--- Data to examine ---

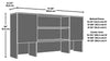 | Storage Options | Two cabinets and six shelves (four adjustable) |
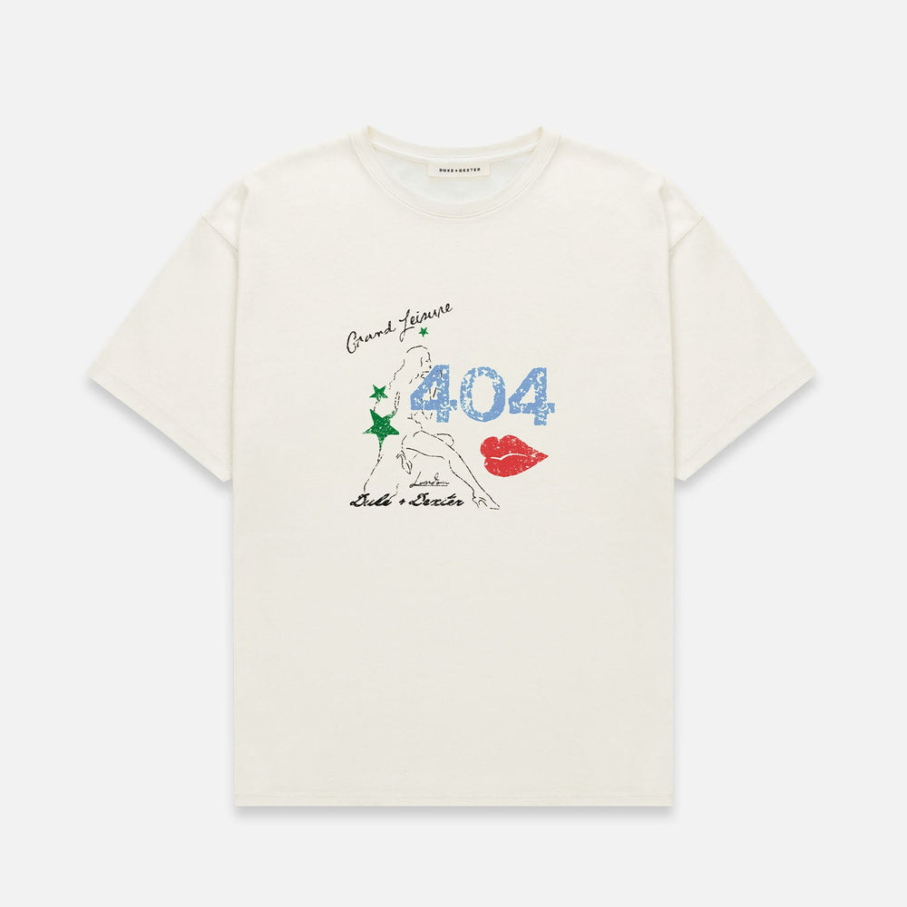 Our Grand Leisure T-Shirt is screen-printed with nods to the brand's history, like the icons, Kiss, Pin Up and Plus Star, and ‘404’ – the numbers you’d punch to get D+D on a keypad. It’s made from washed-out cotton-jersey and fits relaxed, with dropped shoulders to exaggerate the shape.
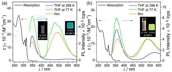 UV-vis absorption and photoluminescence (PL) spectra (λex = 310 nm for C1 and 322 nm for C2) of (a) C1 and (b) C2. Black: absorption spectra in tetrahydrofuran (THF) (30 μM), blue: PL spectra in THF (30 μM) at 298 K, green: PL spectra in THF (30 μM) at 77 K, and orange: PL spectra in films (5 wt% doped with poly(methyl methacrylate) (PMMA)) at 298 K. The insets show the emission color of each state when irradiated with a hand-held UV lamp (λex = 365 nm).
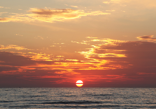 窓から見える夕陽と日本海を眺めながら、
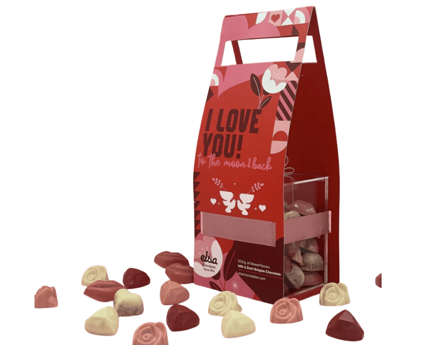 Bring the romance with our Love Chocolate Gift! Our plexi box is filled with unique flavors of chocolate hearts and flowers, making it a sweet declaration of love. 🍫❤️ Add a little love to someone’s day with this gift.
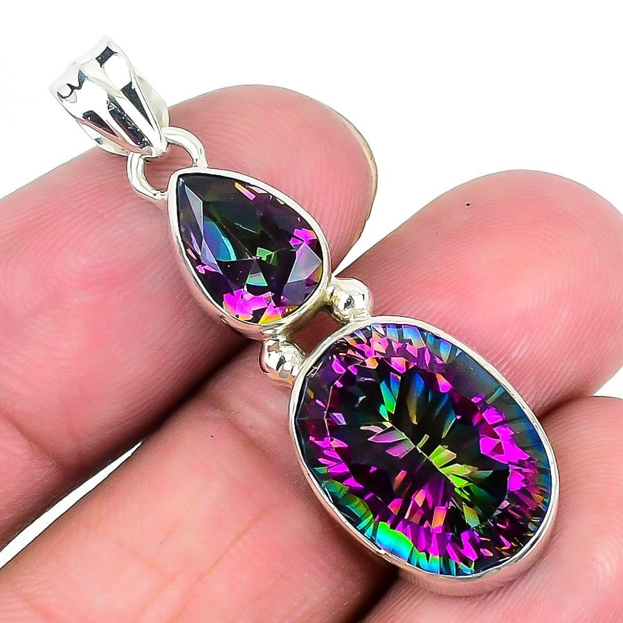 Mystic Topaz Stone 925 Silver Friendship Day Engagement Sister Pendant Jewelry
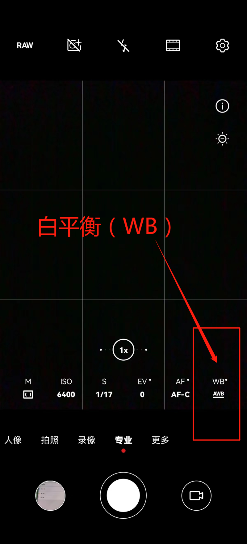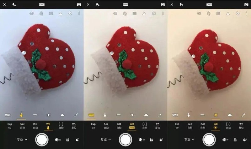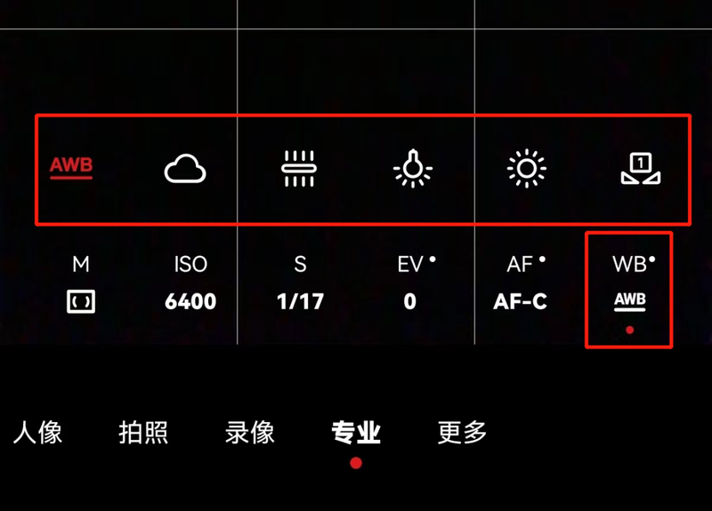 专业模式中的白平衡调节
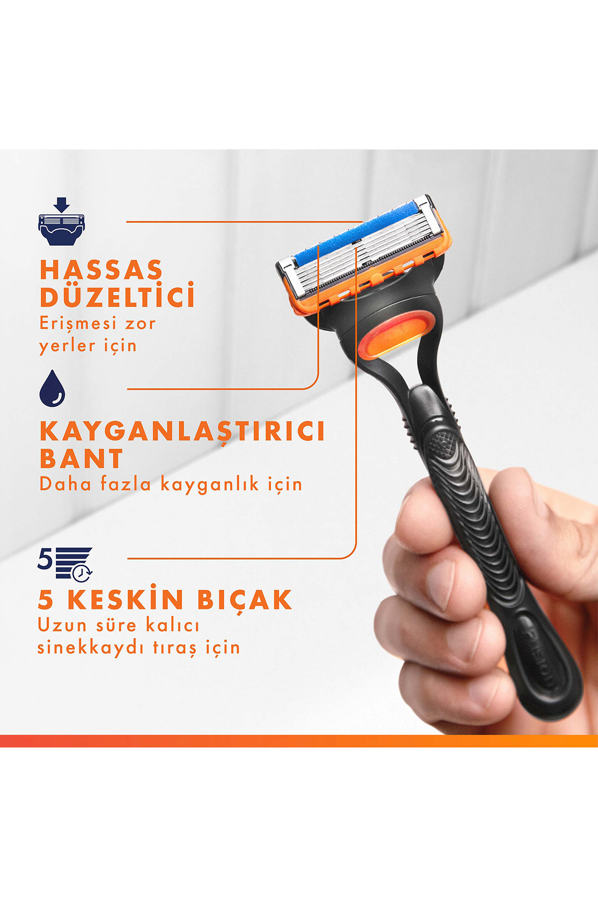 Gillette Fusion5 erkek tıraş makinesi sinekkaydı ve uzun süre kalıcı tıraş için 5 sürtünme önleyici bıçağa sahiptir.
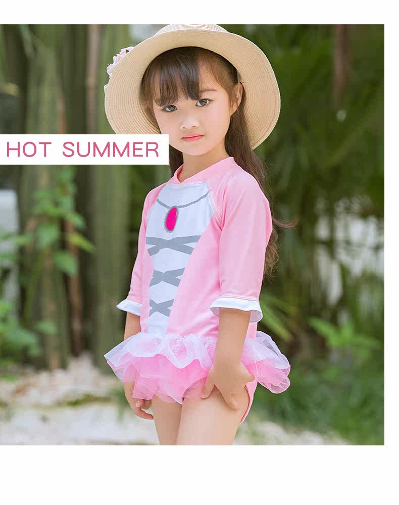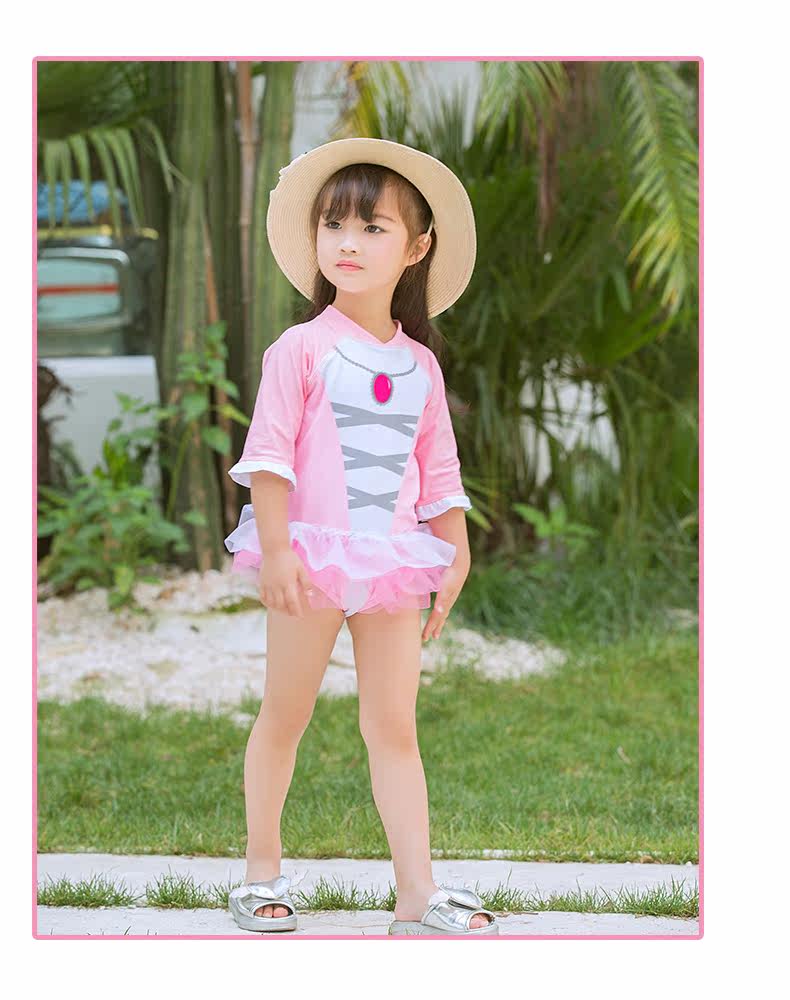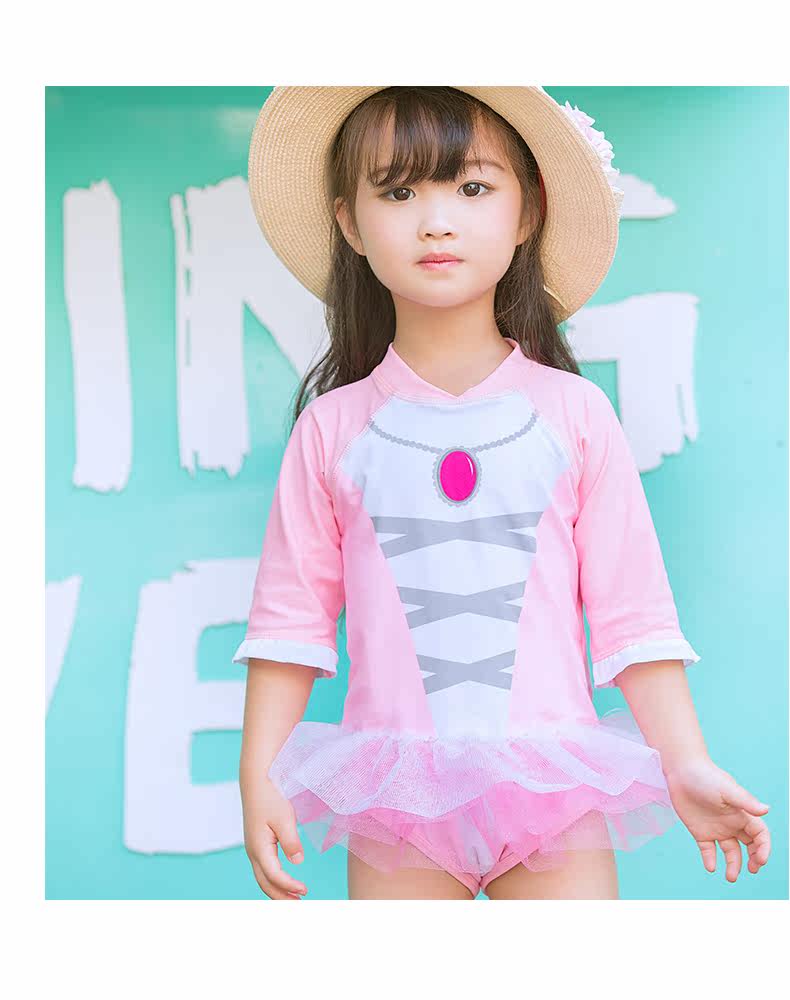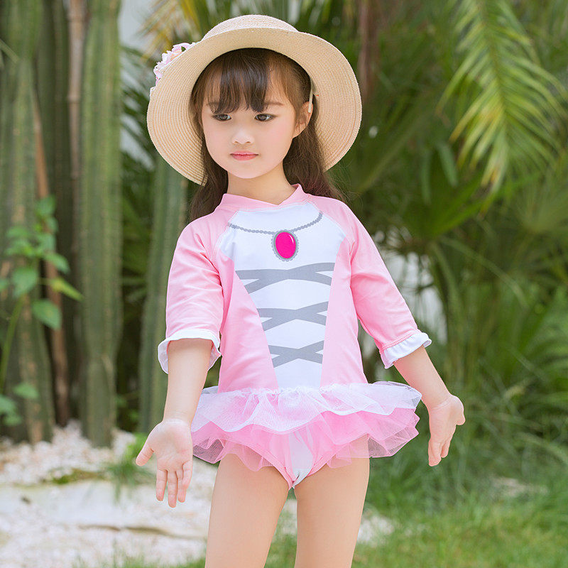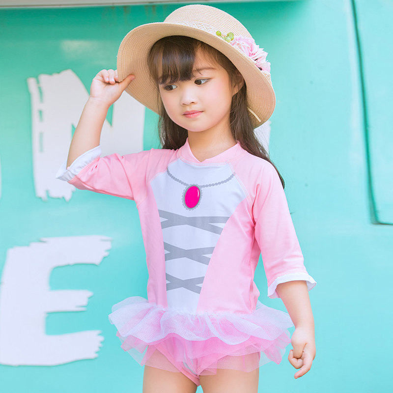 Детский купальник для раннего возраста, розовая подвеска для школьников и студентов, лонгслив с молнией для плавания, юбка-пачка
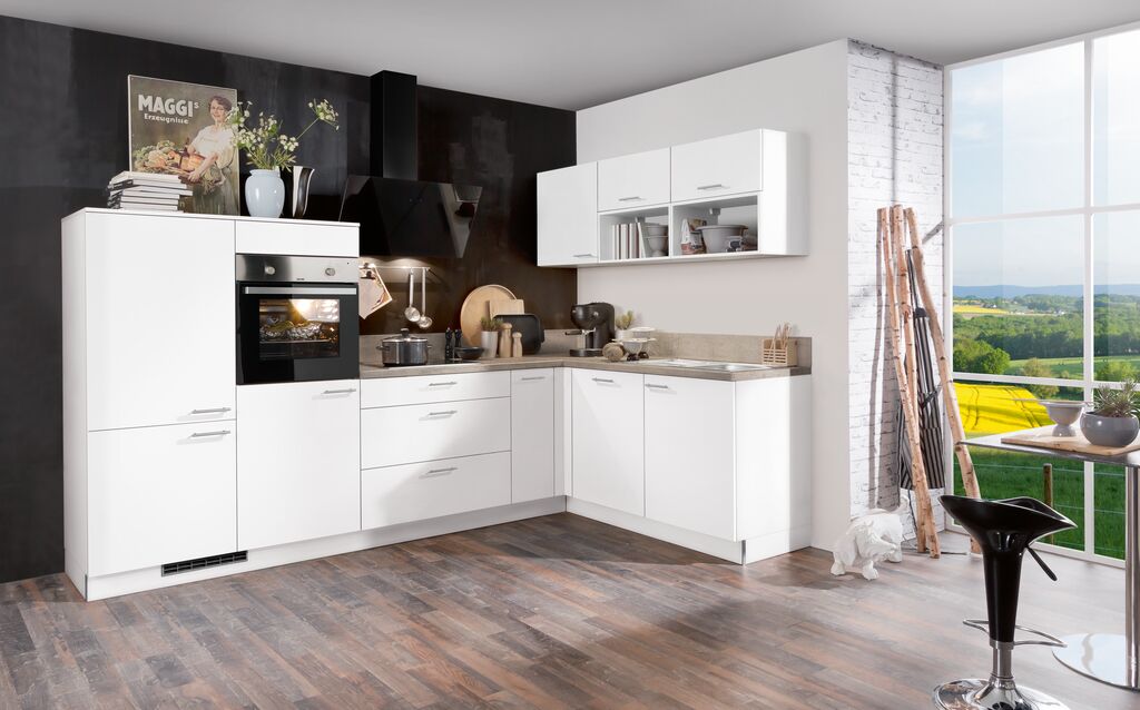 Weiß, 305x185 cm, inkl. aller angeführten Edelstahl Einbaugeräte, in verschiedenen Zusammenstellungen und Farbkombinationen erhältlich. Geschirrspüler sowie Spüle gegen Mehrpreis, 204680 inklusive: - Cerankochfeld - Einbauherd, Energieeffizienzklasse A - Dunstabzug, Energieeffizienzklasse B - Kühlschrank, Energieeffizienzklasse E

---

Leaving images out, please output every line of the data exactly.

Written solution:
 | Storage Options | Two cabinets and six shelves (four adjustable) |
 Our Grand Leisure T-Shirt is screen-printed with nods to the brand's history, like the icons, Kiss, Pin Up and Plus Star, and ‘404’ – the numbers you’d punch to get D+D on a keypad. It’s made from washed-out cotton-jersey and fits relaxed, with dropped shoulders to exaggerate the shape.
 UV-vis absorption and photoluminescence (PL) spectra (λex = 310 nm for C1 and 322 nm for C2) of (a) C1 and (b) C2. Black: absorption spectra in tetrahydrofuran (THF) (30 μM), blue: PL spectra in THF (30 μM) at 298 K, green: PL spectra in THF (30 μM) at 77 K, and orange: PL spectra in films (5 wt% doped with poly(methyl methacrylate) (PMMA)) at 298 K. The insets show the emission color of each state when irradiated with a hand-held UV lamp (λex = 365 nm).
 窓から見える夕陽と日本海を眺めながら、
 Bring the romance with our Love Chocolate Gift! Our plexi box is filled with unique flavors of chocolate hearts and flowers, making it a sweet declaration of love. 🍫❤️ Add a little love to someone’s day with this gift.
 Mystic Topaz Stone 925 Silver Friendship Day Engagement Sister Pendant Jewelry
 专业模式中的白平衡调节
 Gillette Fusion5 erkek tıraş makinesi sinekkaydı ve uzun süre kalıcı tıraş için 5 sürtünme önleyici bıçağa sahiptir.
 Детский купальник для раннего возраста, розовая подвеска для школьников и студентов, лонгслив с молнией для плавания, юбка-пачка
 Weiß, 305x185 cm, inkl. aller angeführten Edelstahl Einbaugeräte, in verschiedenen Zusammenstellungen und Farbkombinationen erhältlich. Geschirrspüler sowie Spüle gegen Mehrpreis, 204680 inklusive: - Cerankochfeld - Einbauherd, Energieeffizienzklasse A - Dunstabzug, Energieeffizienzklasse B - Kühlschrank, Energieeffizienzklasse E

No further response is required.